Once again, Calatrava designed a beauty, but could not envision how it would be built. His idea was infeasible, and the contractor had to build the deck and road first, and the tower and cables afterwards. Somebody argued that its the deck which prevents the tower from falling, and not the opposite ;-) You can read about that here.
Now, once built, the thing is gorgeous. I have no words to describe to you what I felt when I crossed the bridge by car (from right to left in your photo). Of course, the sensation was different when I crossed it the other way.
Another demi-failure of Calatrava is the Sondika-Bilbao airport, which I also visited. The exterior is quite nice, but the inside is way better. If you depart from Bilbao, you check your luggage inside the big pointy structure you see in the photos, which is huge. It's made out of many slanted beams resembling the bones of some humongous animal that just swallowed everyone. The luggage claim area has its ceiling crossed from side to side with several curved beams which resemble the ribs of a whale. I felt I was Jonah. Breathtaking, at least the first time.
¿What's the problem then? That's no airport, it feels like a museum. There is flat glass between beams, and the reberveration amplifies the background noise. Passengers can't understand what is said over the loudspeakers. Since everything is slanted, big rectangular vertical thingies destroy the whole atmosphere, so the big information panels are in the check-in area; those in the cafeteria have to check departures in a tiny monitor. When I tried to find my gate, I had a hard time, because the signs with the gate numbers are also tiny (undoubtedly to preserve the atmosphere, usability be damned). But the worst is felt by incoming passengers: they have to get out to wait for a taxi, under a slanted structure that offers scant protection against wind and rain, all too common in the city. I've talked to people that uses the airport once a week, and some of their opinions are unprintable.

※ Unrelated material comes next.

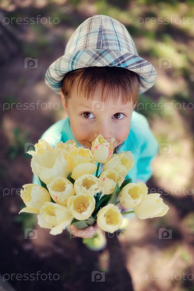 Ребенок с тюльпанами

About a year ago, the ministry of public works (owner of the airport) asked Calatrava to redesign the exit to avoid the soaking and freezing of passenger, and he refused. The minister then chided him in the media, and said that if Calatrava would not do it, other architects would love to do it. Then Calatrava threatened to go to the courts to prevent any redesign of 'his' airport. The minister, predictably, told him it was not 'his' anymore.
In a nutshell: my experience is that Calatrava designs are great from a distance, but not very functional, even when they have to be (and he does not care much). That's why I send you this. I agree with you in the importance of usability, and that's why I am glad Calatrava lost the bid to build the new Madrid airport, and that the winning design (by Rogers & Lamela) is completely horizontal, with no stairs.
It would seem that Calatrava is actually a bad example, not a good one, showing someone who is working on grand sculpture and not letting function rule.